Notice that out of the word "emma" we can generate 5 different example for inputs and targets.

In [22]:
X.shape, X.dtype, Y.shape, Y.dtype

(torch.Size([16, 3]), torch.int64, torch.Size([16]), torch.int64)

## Building The Embedding Table

In [24]:
C = torch.randn((27, 2)) # creating a 2D vector space for a 27 token vocab size
C 

tensor([[-2.5095e-01,  6.3268e-01],
        [ 6.7109e-01, -6.0272e-01],
        [ 1.6476e-01, -1.6241e+00],
        [-4.4414e-01, -2.6809e-01],
        [ 1.9324e+00,  1.2073e+00],
        [-9.7633e-01, -1.6983e+00],
        [-5.4336e-01,  8.6897e-01],
        [ 2.1105e-03,  4.4206e-01],
        [-3.1510e-01, -1.7038e+00],
        [ 8.8760e-01, -1.7088e+00],
        [ 1.1976e+00,  4.5825e-01],
        [ 3.7455e-01,  3.0131e-01],
        [-1.2639e-01, -3.1526e-01],
        [-7.3973e-01,  1.1733e+00],
        [-2.5549e-01,  2.6838e-01],
        [-5.1717e-01, -9.5439e-01],
        [ 2.3148e+00, -6.8375e-01],
        [-9.4651e-01,  1.0856e+00],
        [-3.5373e-01,  1.7227e+00],
        [-1.2434e+00, -5.8994e-01],
        [ 2.1959e-01,  1.4281e+00],
        [-7.1352e-01, -1.0851e-01],
        [ 1.4134e+00,  9.6002e-01],
        [-2.3733e+00, -4.9556e-01],
        [-1.1405e-01, -1.9218e+00],
        [ 1.3865e+00,  1.0302e+00],
        [-5.4251e-01, -3.1156e+00]])

Embedding a single integer in the embedding lookup table

In [25]:
C[5] # row corresponsding to index 5 in the embedding table

tensor([-0.9763, -1.6983])

In [26]:
F.one_hot(torch.tensor(5), num_classes=27) # encoding integer 5 to a vector

tensor([0, 0, 0, 0, 0, 1, 0, 0, 0, 0, 0, 0, 0, 0, 0, 0, 0, 0, 0, 0, 0, 0, 0, 0,
        0, 0, 0])

In [28]:
F.one_hot(torch.tensor(5), num_classes=27).float() @ C

tensor([-0.9763, -1.6983])

Notice that the output is identical. Because of all the 0s in the one-hot vector, all other values in C get masked out except for the row corresponding to the integer i.e. index 5. 
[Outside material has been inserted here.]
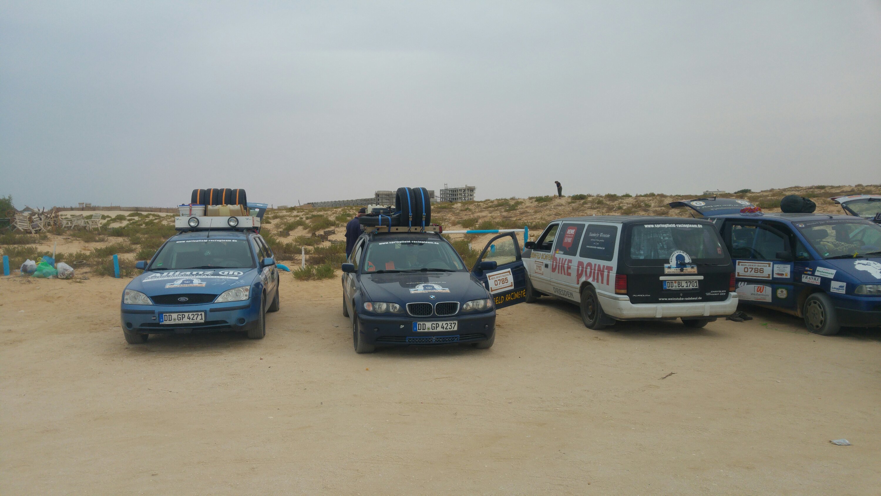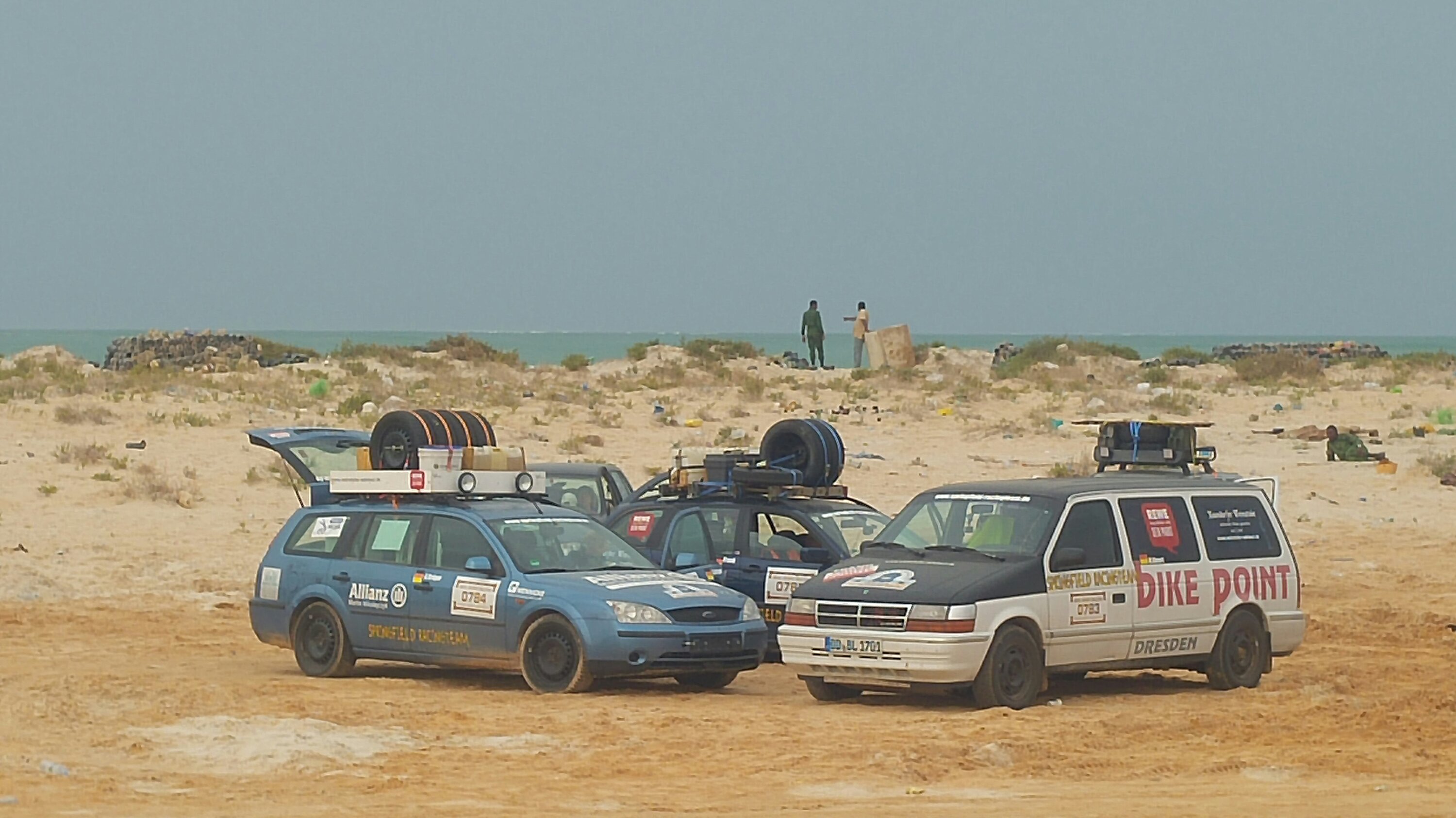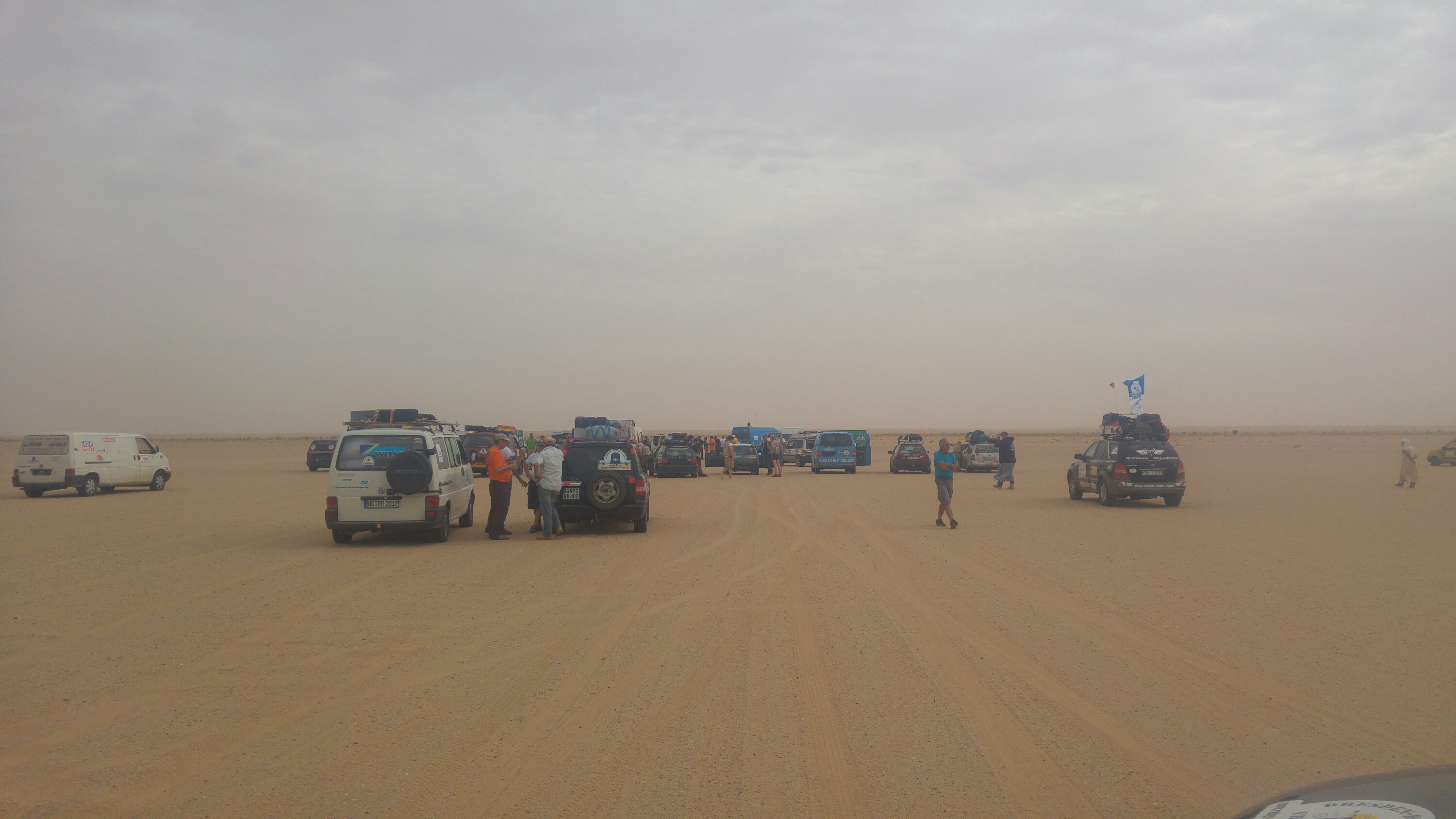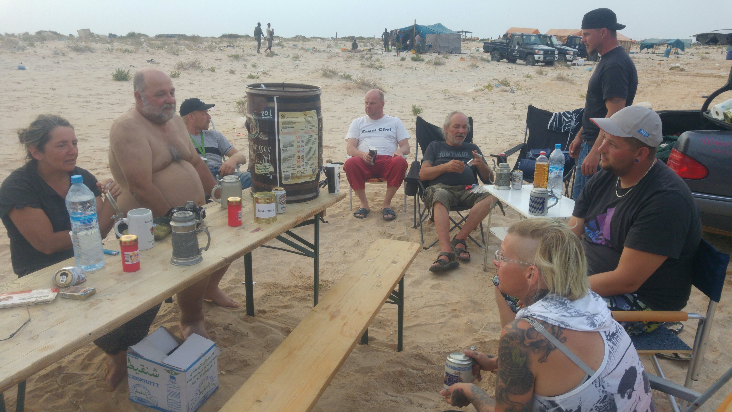 Am heutigen Tag sollte es aus der Wüste raus zum Strand gehen. Daher zeitiges Aufstehen, gegen 8 Uhr war Start angesagt, damit wir genügend Zeit am Strand haben, um das Meer zu beobachten und zu Überlegen, ob eine Strandauffahrt möglich ist. Als erstes standen die zwei weiteren Dünenpassagen an, bevor es auf einer Ebene über die Muscheldüne in ein kleines maurisches Dorf am Atlantik geht. Wie schon erwähnt haben diese es in sich, daher wurde wieder einzeln mit größeren Abständen gestartet. Schon in der ersten Düne blieben ein paar Fahrzeuge stecken. Unter anderem ein Opel Omega, allerdings blieb dieser nicht stecken, sondern liegen… Die Kupplung war hinüber. Das bedeutete Auto ausräumen und bei Torsten (Org) an den Bus hängen. Besagter Opel hatte seine erste Kupplung bereits auf der Fähre in Spanien beim Hochfahren der Rampe zum PKW-Deck eingebüßt. Nach dieser unfreiwilligen Unterbrechung rollten die Autos durch die nächste Düne. Diesmal ohne Probleme. Dann ging es durch eine Ebene und anschließend die sogenannte Muscheldüne hinauf und wieder runter zum Wasser. Trotz vieler großer Bodenwellen und teils felsigem Untergrund, überstanden fast alle diese Herausforderung. Bis auf Roland und Anita von den Kös. Der Kühler tropfte, Kühlerdicht war schnell gefunden und der Kühler wieder dicht. Danach gings zu einem kleinen Fischerdorf an der Küste. Warten. Dorfkinder kamen angerannt und freuten sich riesig über kleine Geschenke. Dieses Mal wurde unser „Parkplatz“ großräumig von den Soldaten abgesperrt, sodass die Kinder nicht durch die Autos laufen konnten. Die Spenden und Geschenke wurden, bewacht und geregelt durch die Soldaten, von den Teams an die Kinder übergeben. Nach einer Weile gab es ein weiteres Briefing. Ein paar Teams, darunter der Omega, machten sich auf der Straße direkt nach Nouakchott. Der Rest fuhr durch nächste Dorf Richtung Strand. Leider stand das Wasser ungünstig und wir mussten hinterm Strand den restlichen Tag verbringen. Ob es morgen auf den Strand geht, muss dann morgen entschieden werden. Die Kös hatten wie immer ein 20 Liter Bierfass dabei und da wir auch noch zu Rindergulasch mit Nudeln eingeladen wurden, verbrachten wir den restlichen Abend bei den Kös.

So the embedding of an integer can either be seen as the integer indexing into a lookup table C or it can be seen as the first layer of a larger NN. The neurons in this layer have no non-linearity and their weight matrix is C. We are encoding ints in one-hot and then feeding them to this layer.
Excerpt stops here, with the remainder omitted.